__Your goal__. Down to the last line, set down the material below exactly; skip the pictures.

__Given records__.
»»

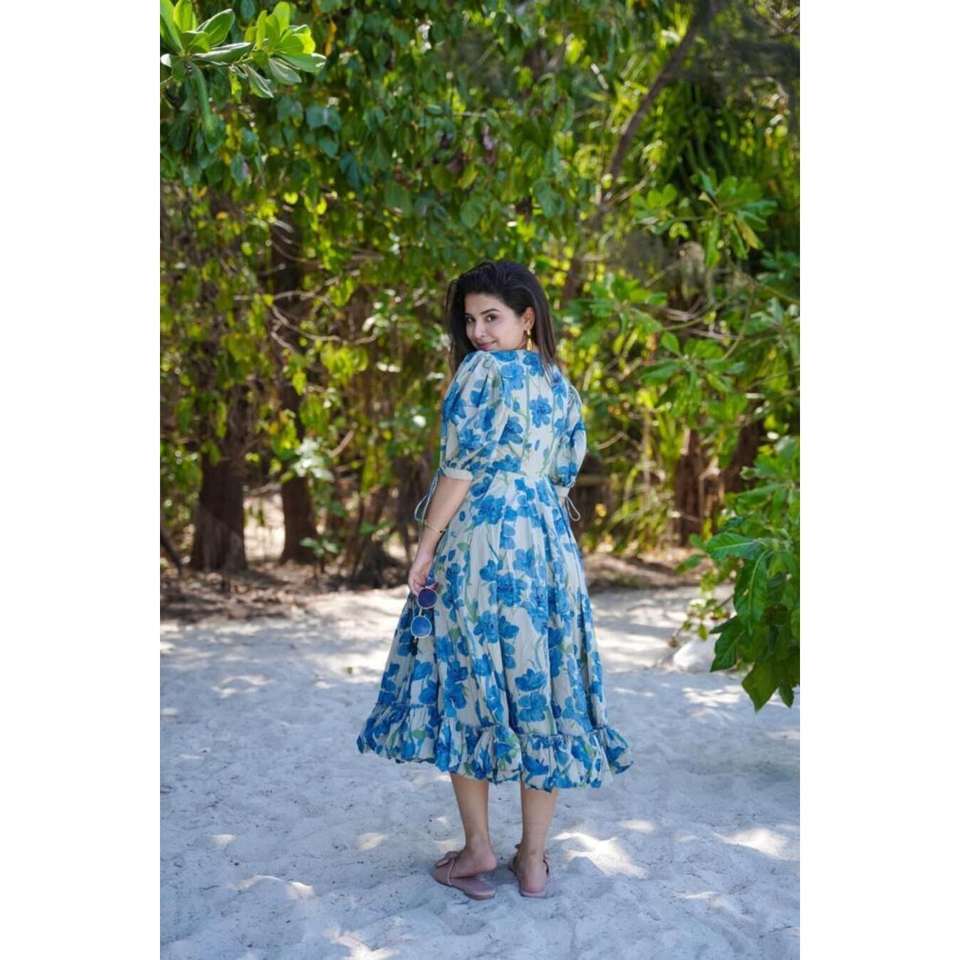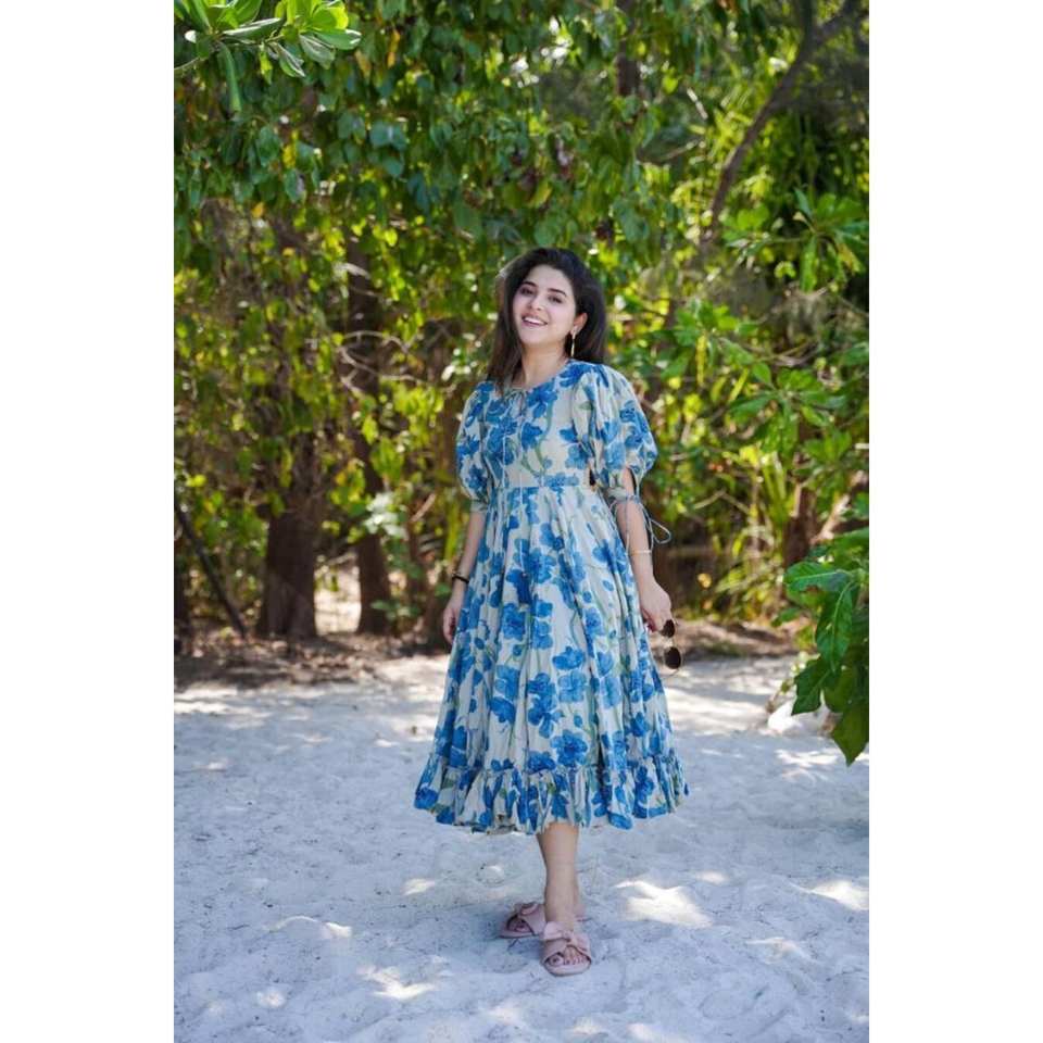 ท้องฟ้าหนึ่งชิ้นพิมพ์ลายดอกไม้มัสลินมาใหม่
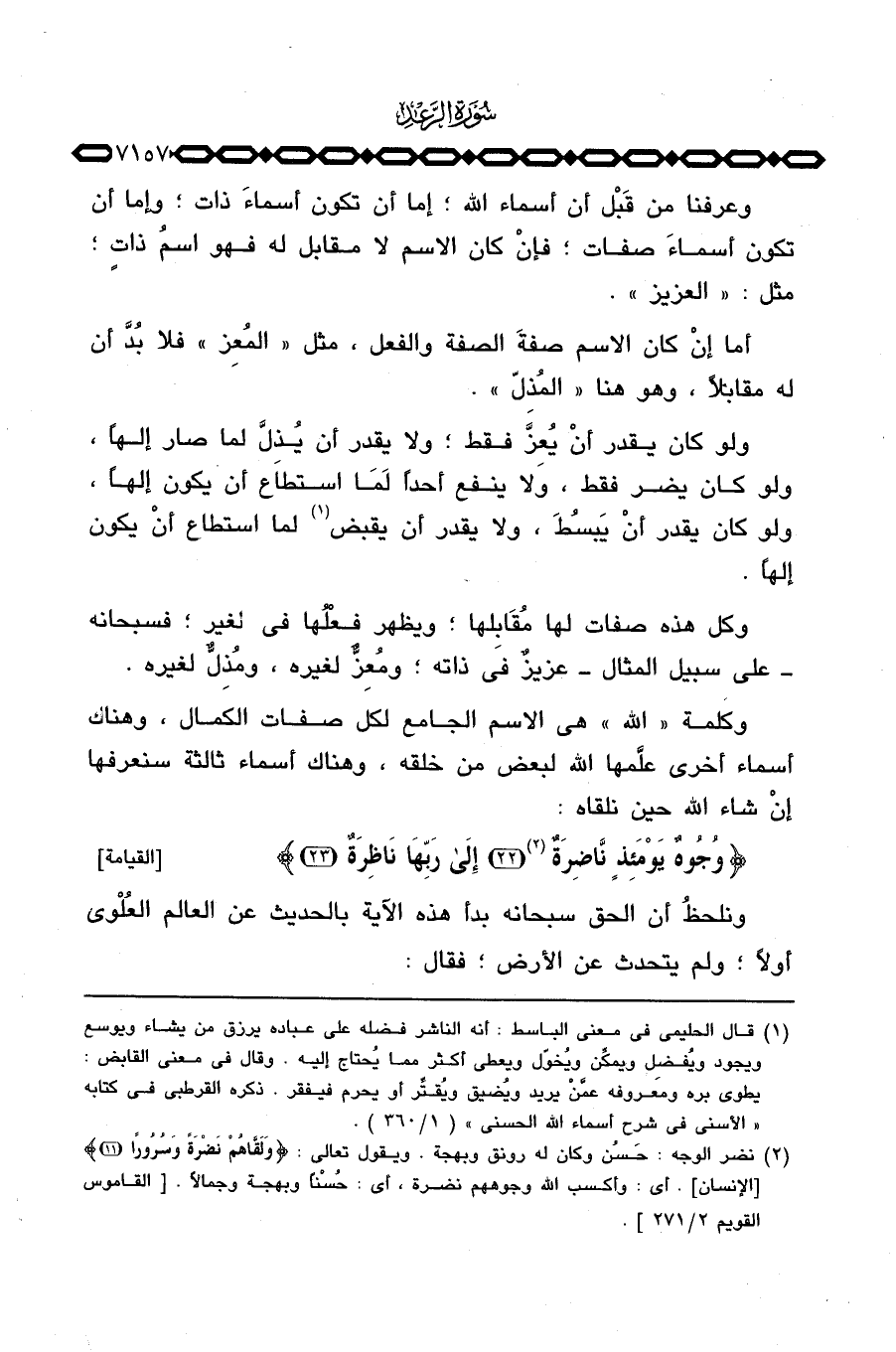 أما إنْ كان الاسم صفةَ الصفة والفعل، مثل «المُعِز» فلابُدَّ أن له مقابلاً، وهو هنا «المُذِلّ» .
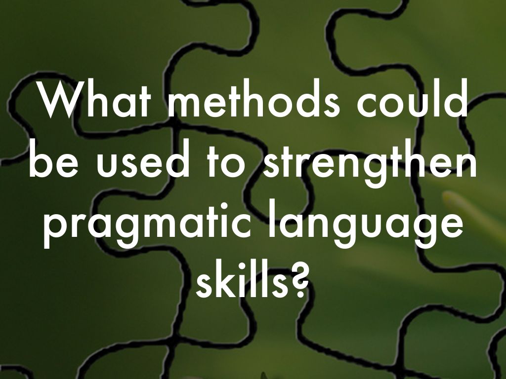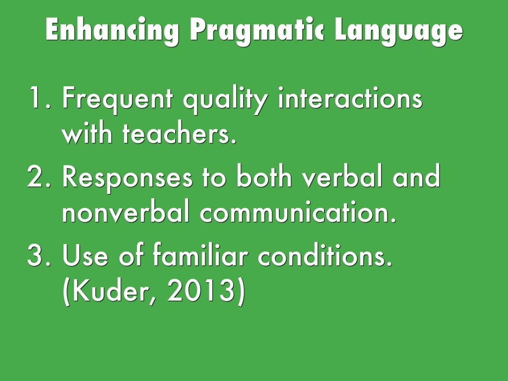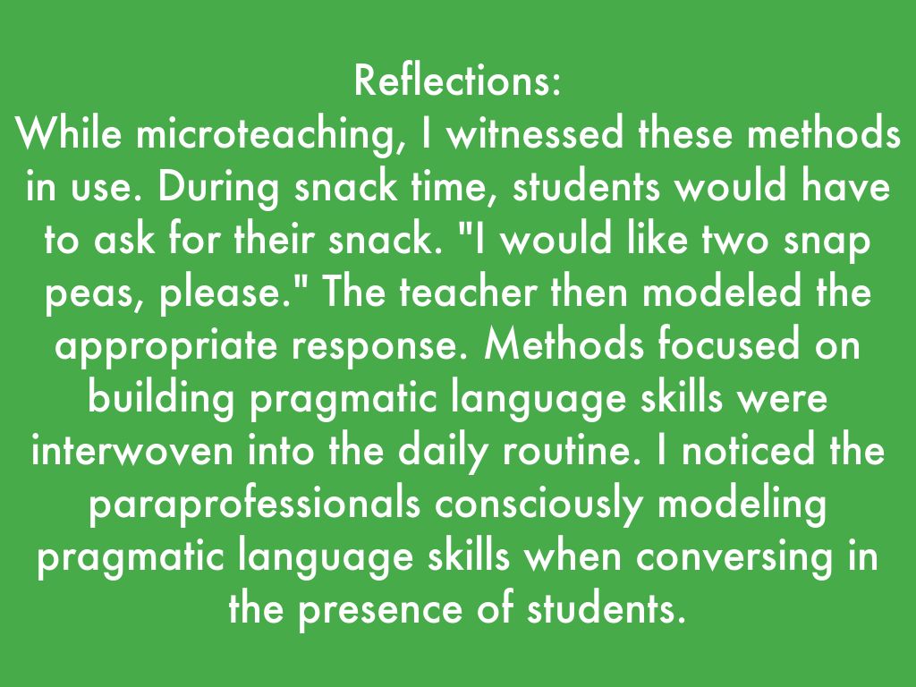 While microteaching, I witnessed these methods in use. During snack time, students would have to ask for their snack. "I would like two snap peas, please." The teacher then modeled the appropriate response. Methods focused on building pragmatic language skills were interwoven into the daily routine. I noticed the paraprofessionals consciously modeling pragmatic language skills when conversing in the presence of students.
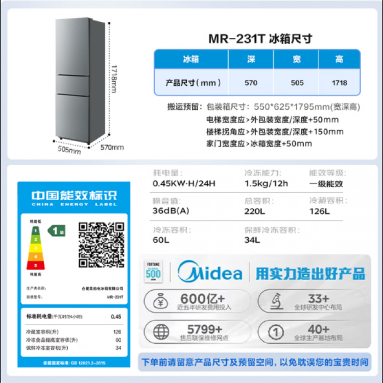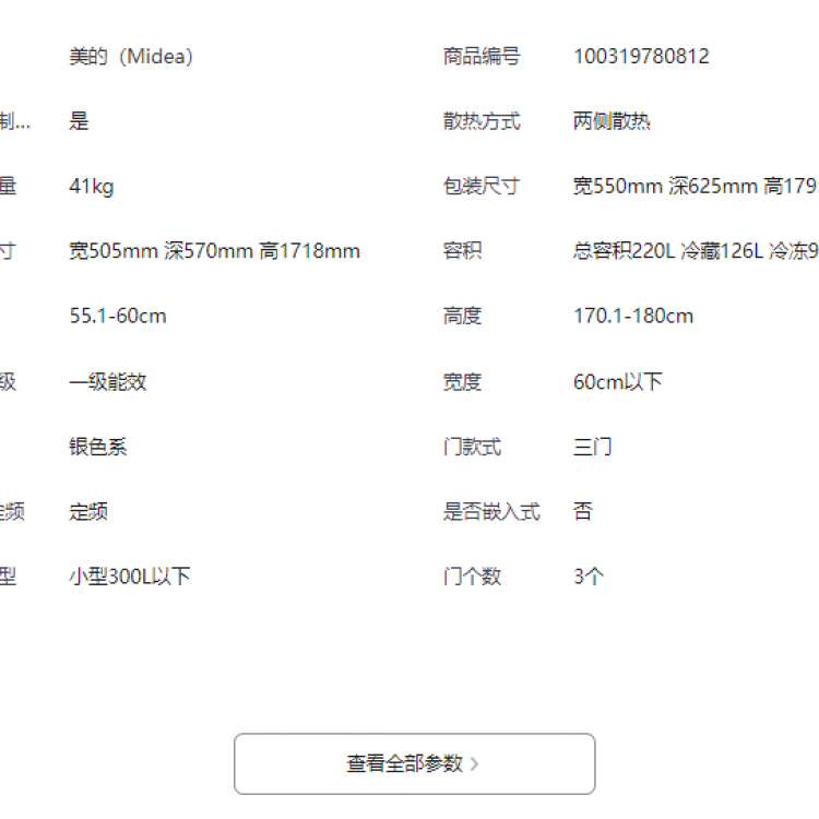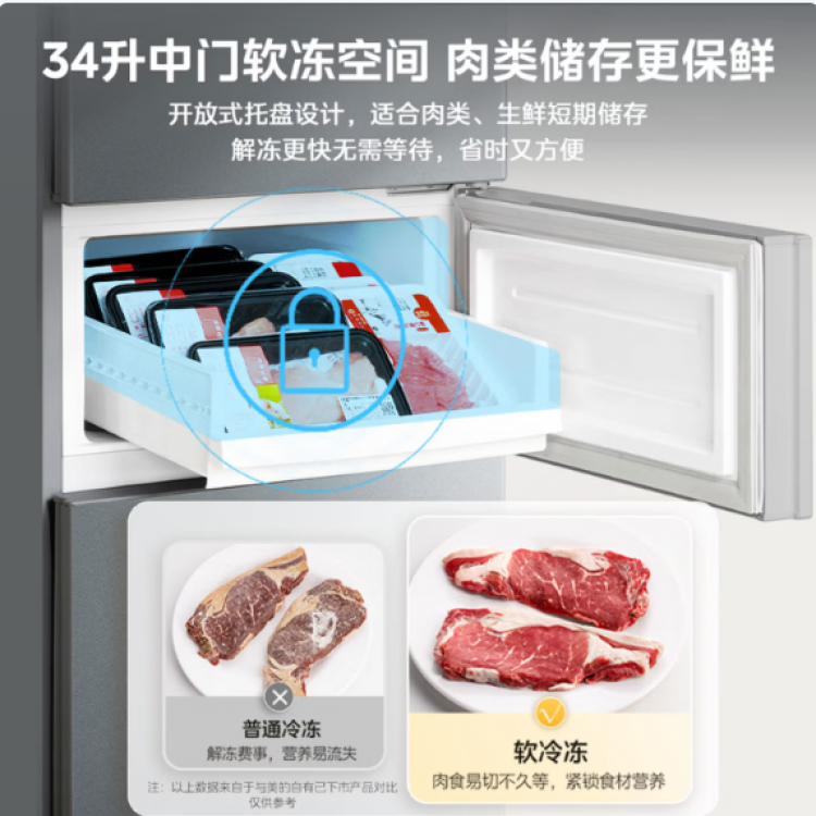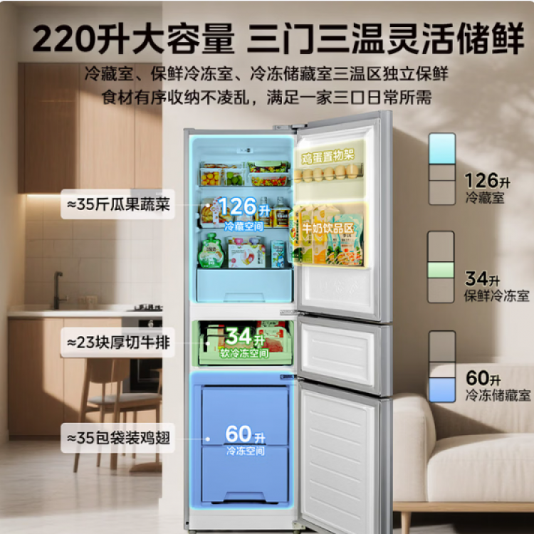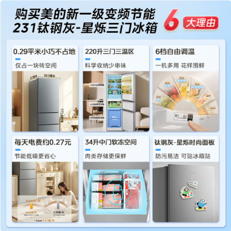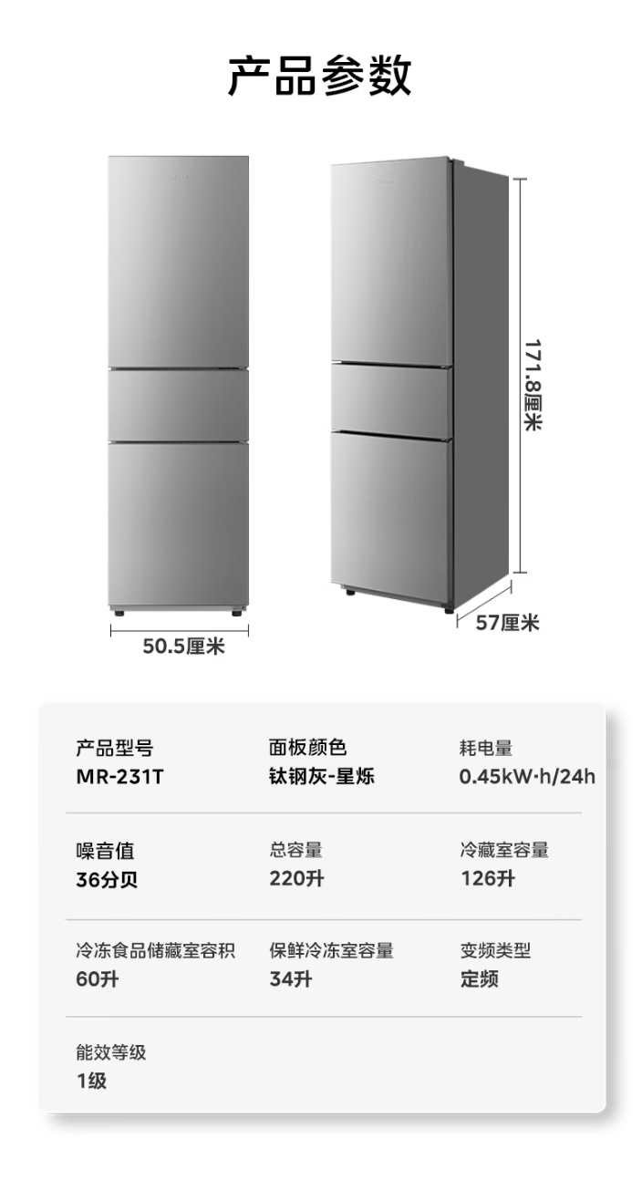 美的(Midea)MR-231T 220L三门冰箱灰色租房家用客厅宿舍小型冰箱三开门三温低耗省电低音运行 BN
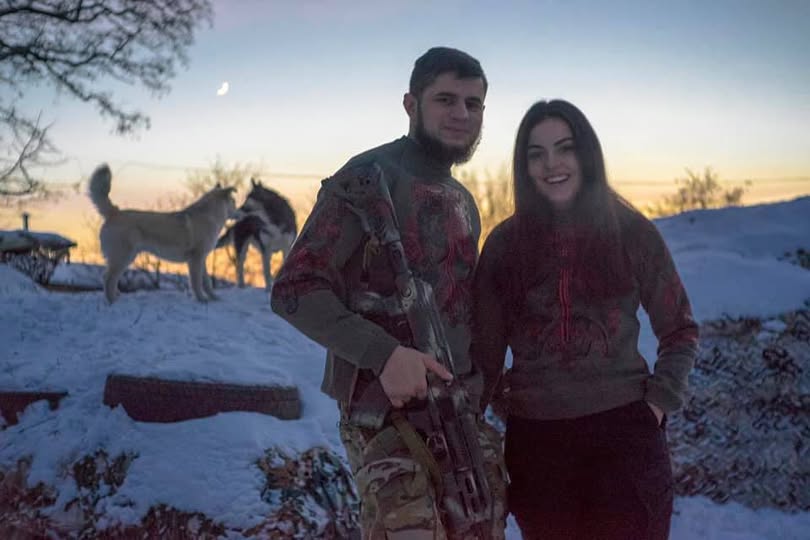 На фото Коцюбайло и Михайлова сфотографированы на фоне снега. Жених парамедика позирует в военной форме с оружием. В кадре также две собаки.
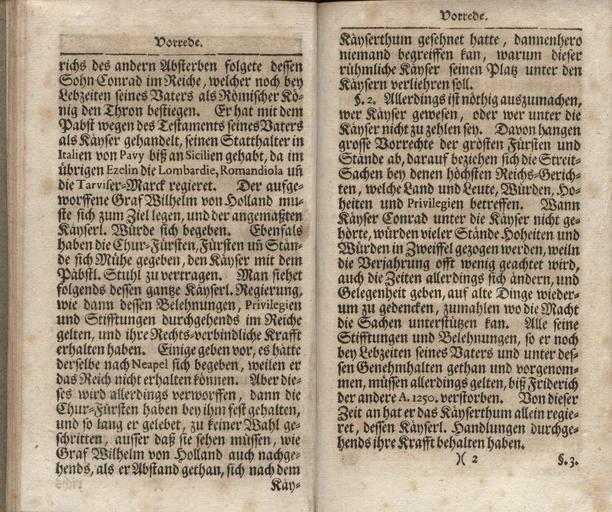 Keywords: JPGundlingB1 019.jpg JPGundlingB1_ jpg 018 020 This is a scan of the historical document with the title <br/>Geschichte und Thaten Kayser Konrad des Vierten aus dem Geschlecht der Herzoge von Schwaben / wie auch Kayser Wilhelms aus dem Geschlecht der Grafen von Holland/ Aus den Schriften selbiger Zeit und anderen Dokumenten own scan from original book 1719 Jacob Paul von Gundling Jacob_Paul_von_Gundling_B1 PD-old-100 |

««

__Solution__.
 ท้องฟ้าหนึ่งชิ้นพิมพ์ลายดอกไม้มัสลินมาใหม่
 أما إنْ كان الاسم صفةَ الصفة والفعل، مثل «المُعِز» فلابُدَّ أن له مقابلاً، وهو هنا «المُذِلّ» .
 While microteaching, I witnessed these methods in use. During snack time, students would have to ask for their snack. "I would like two snap peas, please." The teacher then modeled the appropriate response. Methods focused on building pragmatic language skills were interwoven into the daily routine. I noticed the paraprofessionals consciously modeling pragmatic language skills when conversing in the presence of students.
 美的(Midea)MR-231T 220L三门冰箱灰色租房家用客厅宿舍小型冰箱三开门三温低耗省电低音运行 BN
 На фото Коцюбайло и Михайлова сфотографированы на фоне снега. Жених парамедика позирует в военной форме с оружием. В кадре также две собаки.
 Keywords: JPGundlingB1 019.jpg JPGundlingB1_ jpg 018 020 This is a scan of the historical document with the title <br/>Geschichte und Thaten Kayser Konrad des Vierten aus dem Geschlecht der Herzoge von Schwaben / wie auch Kayser Wilhelms aus dem Geschlecht der Grafen von Holland/ Aus den Schriften selbiger Zeit und anderen Dokumenten own scan from original book 1719 Jacob Paul von Gundling Jacob_Paul_von_Gundling_B1 PD-old-100 |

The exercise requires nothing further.